US Filmmakers Hindered, Not Hobbled by Asian Crisis
As Korean money dries up, Hollywood's independents scramble for investors.
Coping with crises is nothing new to Academy Award winning film producer Saul Zaentz.
When 20th Century Fox suddenly pulled its multi-million dollar backing out from under his movie "The English Patient" in mid-production, he simply found the money elsewhere.
Now with the Asian financial crisis putting large holes in the budgets of hundreds of Hollywood's independent film producers, Mr. Zaentz, with his white beard and smiling eyes, is counseling his colleagues to remain calm.
"We hear about crisis after crisis for independent filmmakers and distributors," he says. "But think about it, when in your life haven't you had one or two crises ... every day?"
The collapse of the Asian market is rattling American film producers and financiers, but it probably won't affect what Americans see on the silver screen. That the industry can withstand such a blow is testament to its robustness and the global appetite for American-made films.
Overall, revenues from the foreign sales of independent films jumped more than 11 percent last year, despite a drop of almost 10 percent in Asia. This year, sales in the region are expected to plummet further.
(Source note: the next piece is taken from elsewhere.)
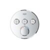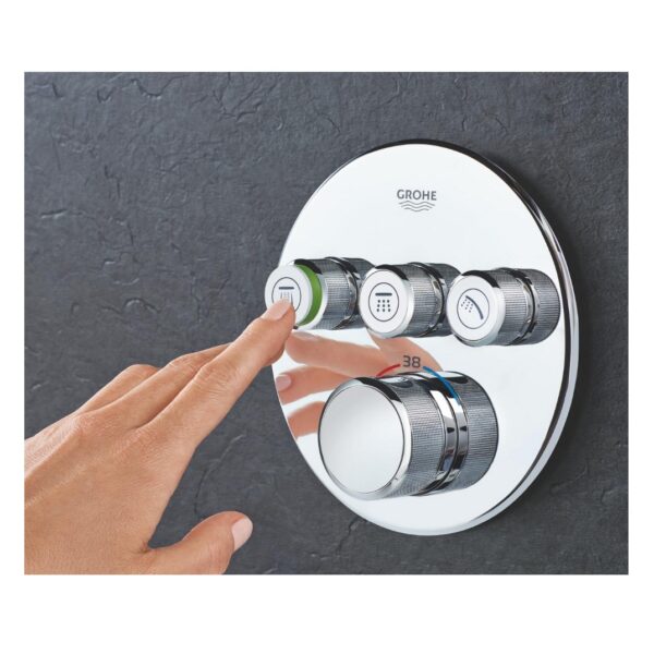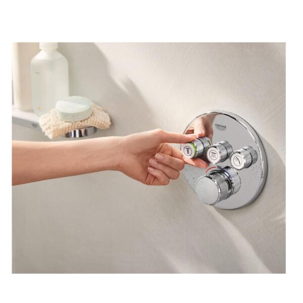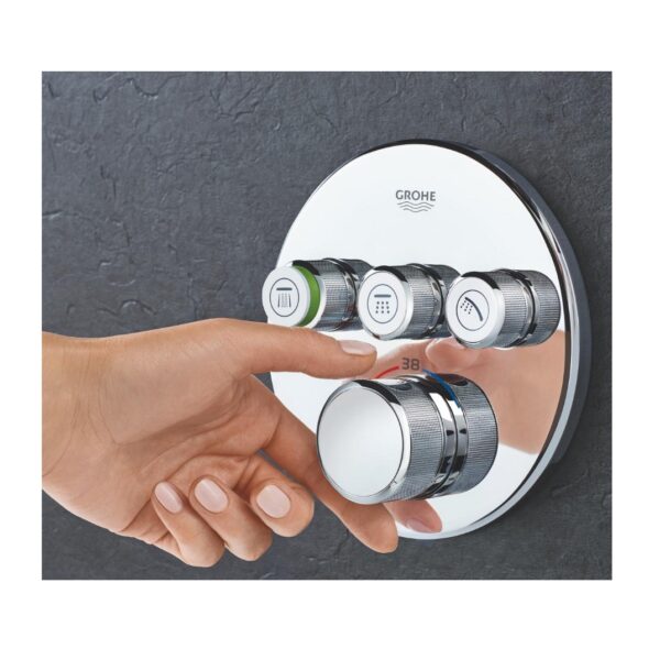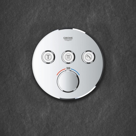 Набор включает в себя термостат скрытого монтажа Grohtherm SmartControl с тремя кнопками управления и комплект верхней монтажной части для встроенной части GROHE Rapido SmartBox 35 600/35 604. Также в комплект входит металлическая настенная накладка из GROHE FastFixation с возможностью подгонки в пределах 6°. Термостат активируется нажатием кнопки Вкл/Выкл, а регулировка водного потока осуществляется поворотом рукоятки, которая регулирует поток от минимального (GROHE Water Saving) до максимального (Full Flow).

Meanwhile, dozens of producers have been left empty handed, with Asian buyers no longer able to fulfill big financial commitments made prior to the region's collapse.
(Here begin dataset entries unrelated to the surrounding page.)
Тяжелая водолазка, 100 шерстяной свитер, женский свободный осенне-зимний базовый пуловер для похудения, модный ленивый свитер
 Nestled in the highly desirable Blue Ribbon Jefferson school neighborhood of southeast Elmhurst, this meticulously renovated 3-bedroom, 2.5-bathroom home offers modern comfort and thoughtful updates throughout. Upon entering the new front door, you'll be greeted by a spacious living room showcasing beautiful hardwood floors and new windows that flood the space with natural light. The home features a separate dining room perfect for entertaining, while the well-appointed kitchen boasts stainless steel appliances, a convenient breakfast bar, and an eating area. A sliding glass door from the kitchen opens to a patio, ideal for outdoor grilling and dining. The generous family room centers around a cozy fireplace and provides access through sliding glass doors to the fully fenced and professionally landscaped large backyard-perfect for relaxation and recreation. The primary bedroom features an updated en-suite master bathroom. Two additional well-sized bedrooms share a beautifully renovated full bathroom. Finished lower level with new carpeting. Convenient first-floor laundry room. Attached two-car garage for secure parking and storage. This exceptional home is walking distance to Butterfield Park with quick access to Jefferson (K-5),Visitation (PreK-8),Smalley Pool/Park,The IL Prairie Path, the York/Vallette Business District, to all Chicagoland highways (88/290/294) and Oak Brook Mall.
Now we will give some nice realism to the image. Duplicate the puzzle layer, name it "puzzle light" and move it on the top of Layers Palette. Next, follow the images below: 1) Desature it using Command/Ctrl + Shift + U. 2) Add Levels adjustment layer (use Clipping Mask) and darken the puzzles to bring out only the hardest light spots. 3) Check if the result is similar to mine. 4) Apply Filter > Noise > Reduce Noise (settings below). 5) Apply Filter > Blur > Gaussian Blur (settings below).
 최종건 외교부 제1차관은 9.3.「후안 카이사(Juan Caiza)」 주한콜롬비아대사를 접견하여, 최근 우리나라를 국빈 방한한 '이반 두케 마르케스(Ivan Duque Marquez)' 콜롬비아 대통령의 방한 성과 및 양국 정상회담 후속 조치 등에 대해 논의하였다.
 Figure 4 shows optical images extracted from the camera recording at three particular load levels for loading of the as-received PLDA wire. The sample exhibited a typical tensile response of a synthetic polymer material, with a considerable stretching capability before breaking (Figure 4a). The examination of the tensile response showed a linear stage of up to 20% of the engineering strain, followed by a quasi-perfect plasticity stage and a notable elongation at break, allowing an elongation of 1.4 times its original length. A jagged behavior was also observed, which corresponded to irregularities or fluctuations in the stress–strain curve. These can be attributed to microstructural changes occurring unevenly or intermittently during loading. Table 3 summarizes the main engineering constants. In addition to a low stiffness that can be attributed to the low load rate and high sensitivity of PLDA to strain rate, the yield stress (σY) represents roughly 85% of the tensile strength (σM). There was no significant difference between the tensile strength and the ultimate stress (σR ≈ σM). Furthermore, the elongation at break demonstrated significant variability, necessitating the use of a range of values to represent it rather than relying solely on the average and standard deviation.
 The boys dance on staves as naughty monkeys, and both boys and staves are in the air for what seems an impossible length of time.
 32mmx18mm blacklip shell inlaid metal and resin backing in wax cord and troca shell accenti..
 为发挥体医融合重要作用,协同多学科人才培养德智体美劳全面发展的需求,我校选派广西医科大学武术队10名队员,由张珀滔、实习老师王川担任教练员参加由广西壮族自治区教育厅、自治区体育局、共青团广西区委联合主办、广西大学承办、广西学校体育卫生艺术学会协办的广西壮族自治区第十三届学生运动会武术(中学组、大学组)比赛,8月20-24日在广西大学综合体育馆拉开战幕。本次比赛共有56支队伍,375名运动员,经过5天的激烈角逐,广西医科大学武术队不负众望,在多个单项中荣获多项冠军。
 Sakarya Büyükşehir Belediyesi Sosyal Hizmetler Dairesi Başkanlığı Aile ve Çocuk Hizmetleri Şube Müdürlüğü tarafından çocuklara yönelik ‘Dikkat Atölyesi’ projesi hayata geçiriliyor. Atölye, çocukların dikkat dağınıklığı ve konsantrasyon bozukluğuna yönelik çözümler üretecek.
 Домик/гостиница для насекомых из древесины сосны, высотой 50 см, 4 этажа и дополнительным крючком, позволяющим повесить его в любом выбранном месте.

But instead of pulling out, canceling contracts, and abandoning Asia, most of Hollywood's producers are opting to negotiate compromises.
"It's the only fair way to do business to keep the relations good," says Julie Savay-Ross of Initial Entertainment Group, a Los Angeles-based producer. "All of the economies are going to rally, so we'll just wait and hope the rest of the world will follow suit and be as supportive."
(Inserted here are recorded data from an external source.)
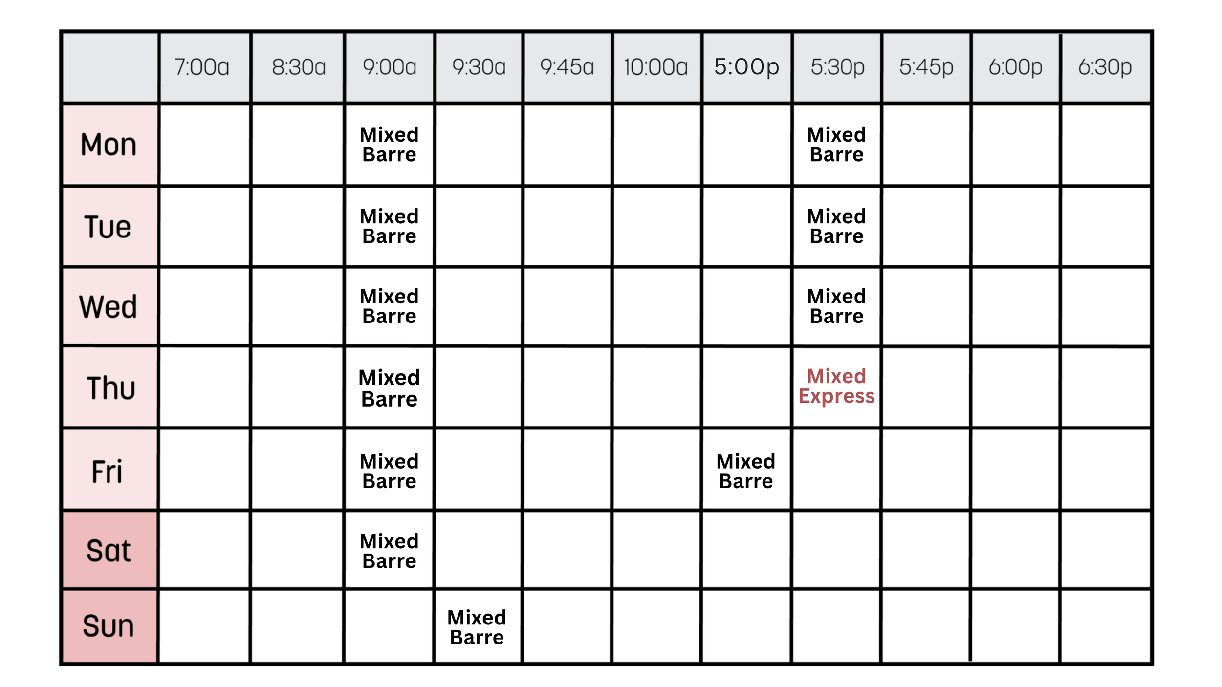 This class is for all levels. Beginners will begin to understand the technique and seasoned clients can perfect their skill set. Any level client can attend this class and get a challenging workout. A seasoned advanced client can take a Mixed Barre class and really make it challenging. The cueing and pacing is slower than a Tru Barre class. Options and modifications are given regularly to enable all clients to be successful. Clients are encouraged to work at their own level and to make the pose the priority for each exercise. All new clients are recommended to attend a Barre Essentials Workshop within the 1st month of their package.
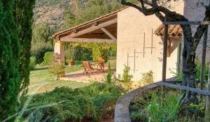 Charming Provencal villa composed of an entrance, a large living room with fireplace and cathedral ceiling, an equipped kitchen, a back kitchen, plenty of storage, upstairs, 2 bedrooms of over 20m² each with en-suite bathroom, tropézienne terrace, plus an independent studio of approximately 60 m², all on large grounds of 2,500 m² suitable for swimming pools with carports, residual floor space of approximately 135 m².
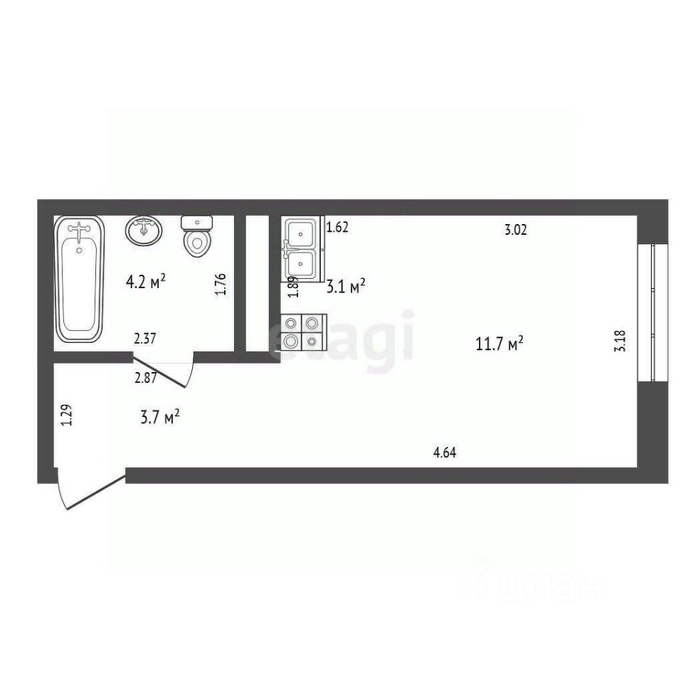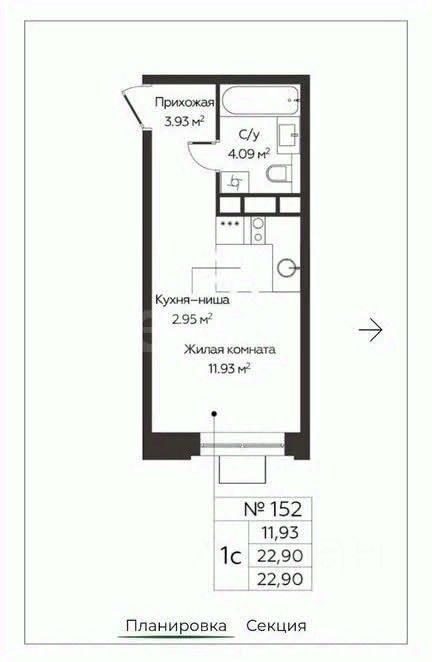Общая площадь22,9 м2
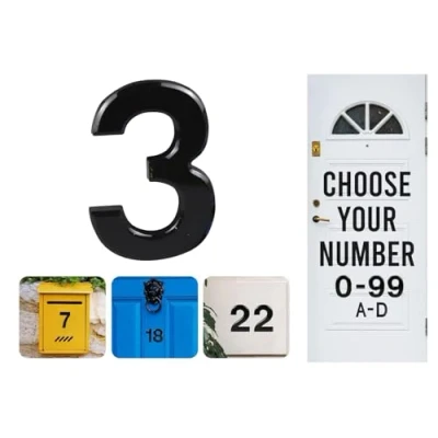 STRONG & WEATHERPROOF HOUSE NUMBERS – These durable 3D house numbers are made from high-quality ABS resin that’s waterproof, lightweight, and rustproof. Designed to last in all weather conditions. PICK YOUR PERFECT DOOR NUMBER – Choose the door number or house number you need from 0-99, plus letters A, B, C & D. Want more than one? Just add them to your basket one by one. BOLD BLACK CHROME DOOR NUMBERS – Featuring a sleek 3D black chrome finish, these black door numbers shine beautifully in daylight and offer excellent visibility from a distance. SELF ADHESIVE DOOR NUMBERS – NO TOOLS NEEDED – These stick on door numbers come with strong adhesive backing. Just clean the surface, peel, and press – no screws or drilling required. SIZE & FIT – Each door number sticker measures 7.5cm high, 5cm wide, and 0.8cm deep – the perfect size for most doors and mailboxes.

The biggest financial hit is coming from Korea. Once one of Hollywood's hottest growth prospects, it generated nearly a $100 million in ticket revenues last year, second only to Japan in the region. At the annual American Film Market here this week, 300 independent producers are hawking their wares to buyers and distributors from more than 60 countries. In the past five years, Korea has become a powerhouse both as an investor in new films and as a distributor.
BUT with the country's economic collapse and the devaluation of the won by 50 percent, it's proven to be a paper tiger. This year, Korean attendance at AFM is down by 90 percent from last year. Those buyers who did come aren't expected to make many purchases.
The impact of the economic collapse is twofold. The first is on the producers like Savay-Ross who had large financial commitments from Korean and other Asian distributors. Generally, distributors will agree to pay a minimum guarantee a year or more in advance to pay for the film's production. For instance, they might have committed $1.5 million to help finance the production of a new Steven Segal thriller a year ago. Since the won is now worth half of what it was then, that same commitment today would cost a Korean distributor $3 million.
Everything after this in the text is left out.